As much as anyone from financial advisors to friends will tell you their method of managing and paying off debt, there really is no right answer.

Think of it like a math problem from school, and how some teachers would dock you points for getting the right answer but the way you got there (the infamous showing your work) wasn't how you were taught to do it by said teacher.

At the end of the day, as an adult who is trying to manage debt and budget properly, the most important element of credit cards and unsecured debt is paying it down and eventually off. How you get there really doesn't have the proverbial right answer.

But there are, in fact, some strategies that are universally lauded as being fairly spot on for how to manage debt.

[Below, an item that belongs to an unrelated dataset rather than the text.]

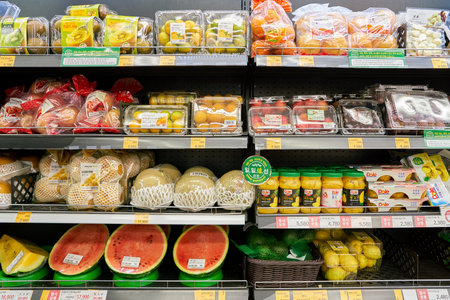 BANGKOK, THAILAND - NOVEMBER 30 : fresh organic vegetables and fruits for sale on stand or shelf in Tops Supermarket on November 30, 2016 in BANGKOK, Thailand.

Of course, budgeting will always reign supreme as far as debt is concerned because the two go hand in hand.

Those who aren't afraid to tackle debt, and that simply means writing it out to see the big picture, know that their budgeting and going without and managing expenses versus your income, so that you can focus on paying more than the minimum payments, is key.

The best method of debt control and paying it off starts with the reverse pyramid effect. You start with the balance that is the one with the highest interest rate, and then you begin paying on that first, over and above the minimum. As far as the other debt is concerned, you pay the minimum on that until that first balance is paid off, then move on to the next highest interest rate in terms of credit.

Another way of looking at debt is focusing on smaller balances with high to medium interest rates and paying them off first with the most money leftover after you budget. This allows you to see progress being made, which goes a long way to help that feeling you have that you'll never see the light at the end of the tunnel. For some, they can't continue to pay and not see any results, so this method of debt repayment shows that there is hope.

No matter which path you take, know this: the budget has to run parallel with your debt repayment goals. You can't have a budget that is even, meaning your expenses are covered just barely by your income. That simply means you're allowing yourself to make nothing more than minimum payments on your credit, even though you're missing out on how to maximize your repayment plan altogether.